To date, the literature agrees in the general approach to these patients. It tends to follow the same approach as in other OD related to viral infections. The diagnosis of viral-associated olfactory loss is made primarily via patient history. A detailed history would also rule out other causes of ongoing olfactory loss or symptoms that are indicative of more worrisome pathology. Imaging is rarely performed unless symptoms and examination suggest an alternative diagnosis.
However, since post-COVID-19-related OD is a relatively new entity, treatment options available lack the scientific evidence necessary for a sustained treatment guideline.
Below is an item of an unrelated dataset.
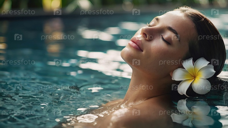 Близко. красивая молодая женщина в бирюзовом бассейне. концепция здорового образа жизни, отдых, расслабление, туризм, косметические спа-процедуры в курорте красота, гордость

In fact, most of the evidence base considered is not COVID-19-specific, which poses a limitation to this review.
Nevertheless, olfactory training has emerged as the most efficacious treatment and daily practicing with three odorants has become standard recommendation for post-COVID-19-related OD.
Despite smell training, different centers studied the effect of cortisone - intranasal as well as oral - on the outcome regarding OD. Despite encouraging safety profile of topical steroids application, the existence of heterogeneous data makes conclusions regarding their use challenging. Even so, BRS consensus suggests the optional use of topical steroids in patients with anosmia lasting more than 2 weeks, associated with nasal symptoms.5
There are several other treatments presented in the literature. Overall, there is no strong evidence for any pharmacologic treatment of post-COVID-19-related OD.
Conclusion
This pandemic has renewed the interest in post-viral olfactory dysfunction. Currently, the natural history of post-viral OD cannot be accurately predicted. There are cases in which some patients experience a period of transient anosmia, followed by a full recovery of the olfactory function, while others experience permanent OD. We anticipate that both family medicine and otolaryngologists will see an increase in the number of patients presenting with this condition, considering the recent rise in COVID-19-related OD.
Olfactory training is considered an efficacious and safe treatment option. Further studies are required to validate its efficacy and indications for oral or topical use of corticosteroids. The medical community is rapidly accruing information, and standards are likely to change quickly, bringing additional results.
We hope that the newfound spotlight on OD will drive clinical research and lead to the development of novel treatment options for patients with COVID-19-related OD.